▶ Task requirements
Please repeat the lines below, exactly and only, from the one that holds "Tapeçaria rústica de" through the one that holds "新手玩这个模式勒!要注意食堂".

▶ Supplied material
· · ·

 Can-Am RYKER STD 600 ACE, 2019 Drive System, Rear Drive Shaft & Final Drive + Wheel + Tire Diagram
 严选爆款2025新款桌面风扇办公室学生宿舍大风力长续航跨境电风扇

· · ·

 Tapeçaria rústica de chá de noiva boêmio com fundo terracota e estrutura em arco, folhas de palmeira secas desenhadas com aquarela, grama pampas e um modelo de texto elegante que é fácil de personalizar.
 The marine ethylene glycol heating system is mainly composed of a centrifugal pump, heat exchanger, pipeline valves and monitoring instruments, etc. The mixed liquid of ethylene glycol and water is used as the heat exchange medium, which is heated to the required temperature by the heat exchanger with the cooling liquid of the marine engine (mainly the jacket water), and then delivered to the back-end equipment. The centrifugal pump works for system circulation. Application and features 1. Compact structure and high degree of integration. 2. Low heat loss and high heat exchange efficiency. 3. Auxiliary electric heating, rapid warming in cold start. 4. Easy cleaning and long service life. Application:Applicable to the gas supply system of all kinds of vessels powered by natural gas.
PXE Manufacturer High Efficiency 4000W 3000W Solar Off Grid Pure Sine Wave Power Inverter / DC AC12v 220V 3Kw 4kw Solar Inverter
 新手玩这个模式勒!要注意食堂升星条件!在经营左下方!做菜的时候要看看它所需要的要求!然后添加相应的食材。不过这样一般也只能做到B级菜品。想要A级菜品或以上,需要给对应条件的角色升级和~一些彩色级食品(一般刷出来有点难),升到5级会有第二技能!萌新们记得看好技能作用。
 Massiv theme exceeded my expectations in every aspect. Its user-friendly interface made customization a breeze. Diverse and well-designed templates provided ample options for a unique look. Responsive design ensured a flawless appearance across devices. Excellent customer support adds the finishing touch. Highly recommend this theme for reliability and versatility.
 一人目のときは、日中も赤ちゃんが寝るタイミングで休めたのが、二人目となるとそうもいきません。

· · ·

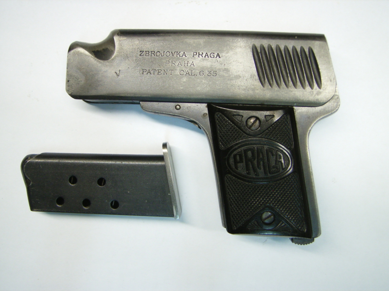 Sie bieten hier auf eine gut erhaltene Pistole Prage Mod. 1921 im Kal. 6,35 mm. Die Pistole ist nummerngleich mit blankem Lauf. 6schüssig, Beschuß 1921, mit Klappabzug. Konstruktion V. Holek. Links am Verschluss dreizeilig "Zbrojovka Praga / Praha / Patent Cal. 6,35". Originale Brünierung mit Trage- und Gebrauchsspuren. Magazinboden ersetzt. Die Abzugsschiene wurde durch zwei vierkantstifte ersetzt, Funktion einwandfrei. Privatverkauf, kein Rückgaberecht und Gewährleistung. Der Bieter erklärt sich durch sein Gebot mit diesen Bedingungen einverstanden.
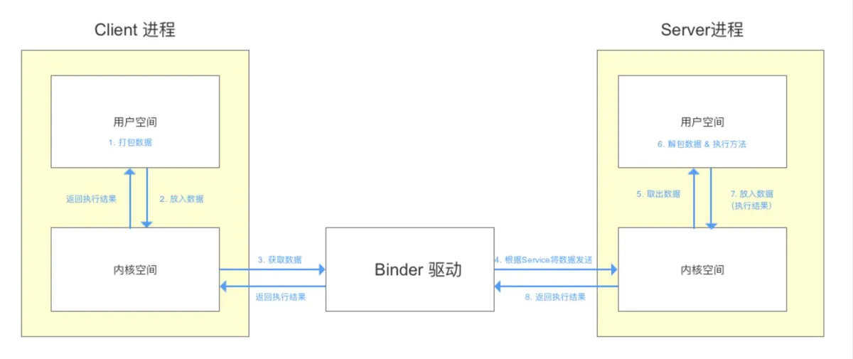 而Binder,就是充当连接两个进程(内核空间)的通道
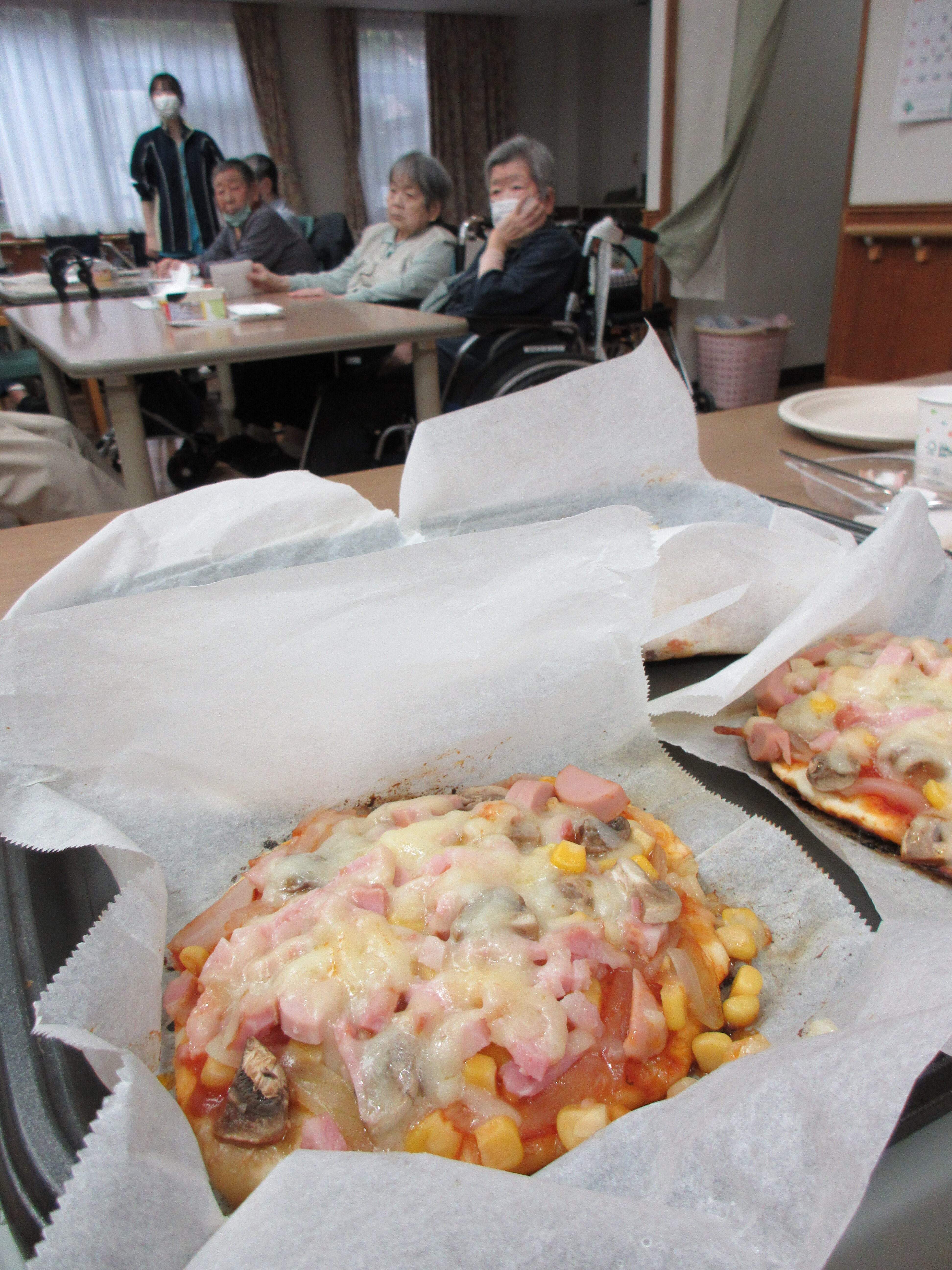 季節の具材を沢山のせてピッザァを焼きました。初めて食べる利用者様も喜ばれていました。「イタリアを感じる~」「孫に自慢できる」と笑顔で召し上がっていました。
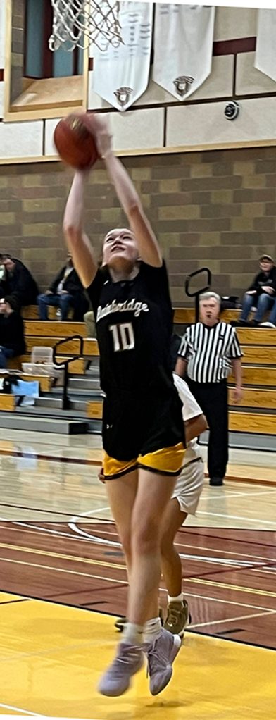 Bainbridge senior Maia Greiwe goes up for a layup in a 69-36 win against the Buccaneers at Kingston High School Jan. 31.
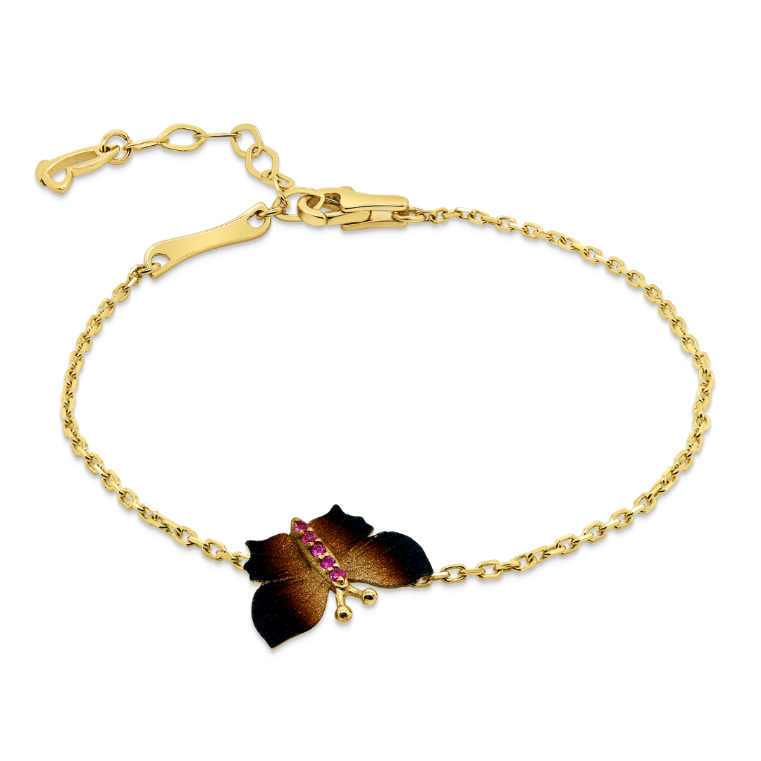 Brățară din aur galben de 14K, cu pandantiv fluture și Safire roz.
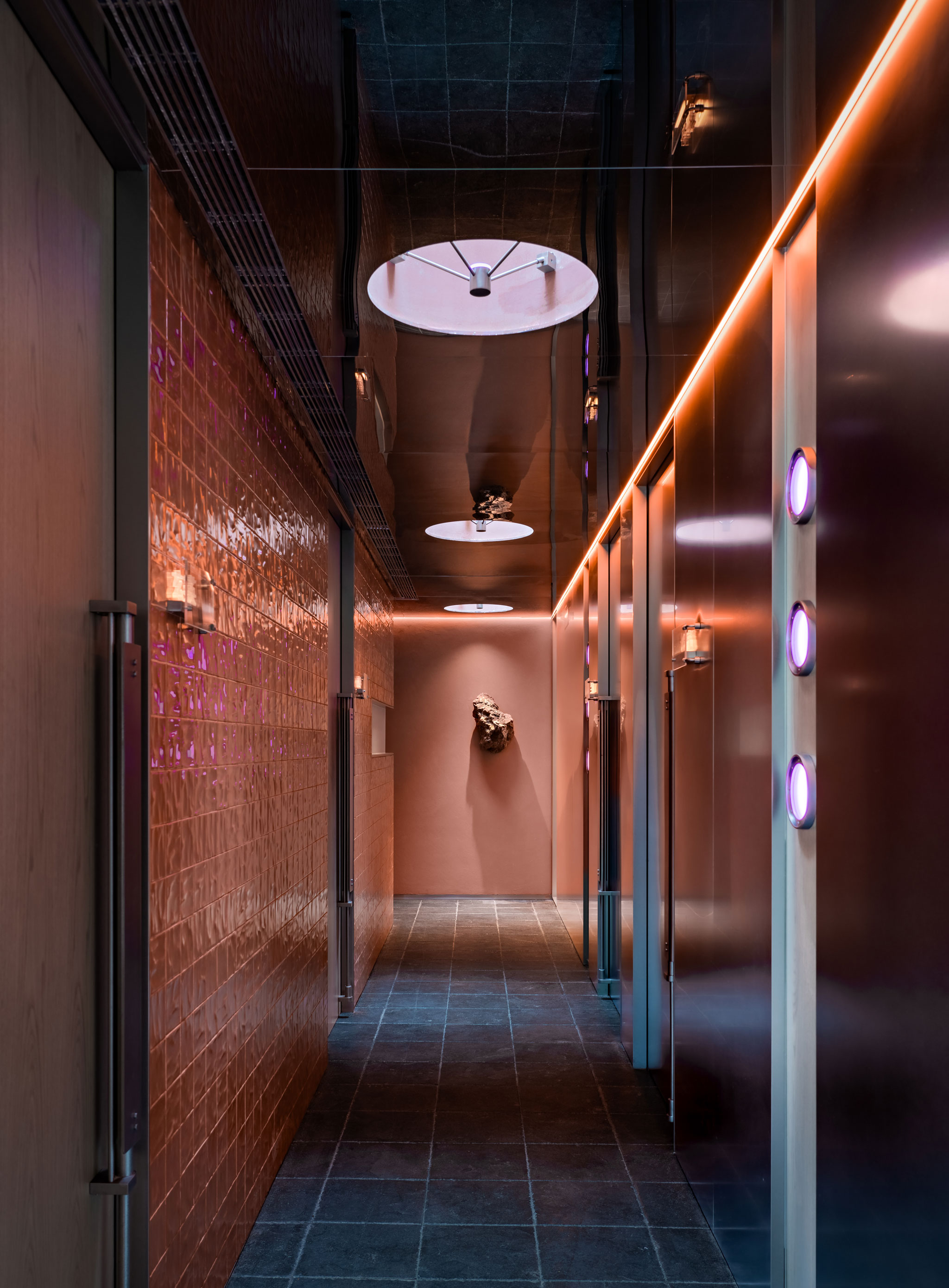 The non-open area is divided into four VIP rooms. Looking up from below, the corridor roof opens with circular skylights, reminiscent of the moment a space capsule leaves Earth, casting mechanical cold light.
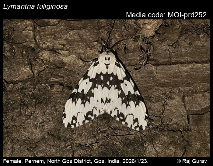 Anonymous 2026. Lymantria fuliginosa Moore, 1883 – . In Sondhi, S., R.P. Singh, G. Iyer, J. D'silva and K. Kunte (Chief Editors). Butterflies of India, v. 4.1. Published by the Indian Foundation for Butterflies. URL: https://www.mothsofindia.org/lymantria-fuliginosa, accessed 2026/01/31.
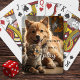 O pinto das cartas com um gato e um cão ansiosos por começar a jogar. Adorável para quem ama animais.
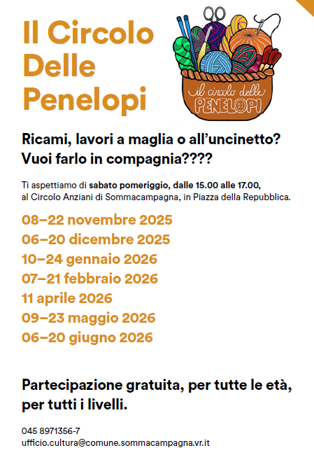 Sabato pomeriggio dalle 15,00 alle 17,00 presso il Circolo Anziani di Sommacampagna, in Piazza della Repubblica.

· · ·

▶ Finished exercise
 Tapeçaria rústica de chá de noiva boêmio com fundo terracota e estrutura em arco, folhas de palmeira secas desenhadas com aquarela, grama pampas e um modelo de texto elegante que é fácil de personalizar.
 The marine ethylene glycol heating system is mainly composed of a centrifugal pump, heat exchanger, pipeline valves and monitoring instruments, etc. The mixed liquid of ethylene glycol and water is used as the heat exchange medium, which is heated to the required temperature by the heat exchanger with the cooling liquid of the marine engine (mainly the jacket water), and then delivered to the back-end equipment. The centrifugal pump works for system circulation. Application and features 1. Compact structure and high degree of integration. 2. Low heat loss and high heat exchange efficiency. 3. Auxiliary electric heating, rapid warming in cold start. 4. Easy cleaning and long service life. Application:Applicable to the gas supply system of all kinds of vessels powered by natural gas.
PXE Manufacturer High Efficiency 4000W 3000W Solar Off Grid Pure Sine Wave Power Inverter / DC AC12v 220V 3Kw 4kw Solar Inverter
 新手玩这个模式勒!要注意食堂升星条件!在经营左下方!做菜的时候要看看它所需要的要求!然后添加相应的食材。不过这样一般也只能做到B级菜品。想要A级菜品或以上,需要给对应条件的角色升级和~一些彩色级食品(一般刷出来有点难),升到5级会有第二技能!萌新们记得看好技能作用。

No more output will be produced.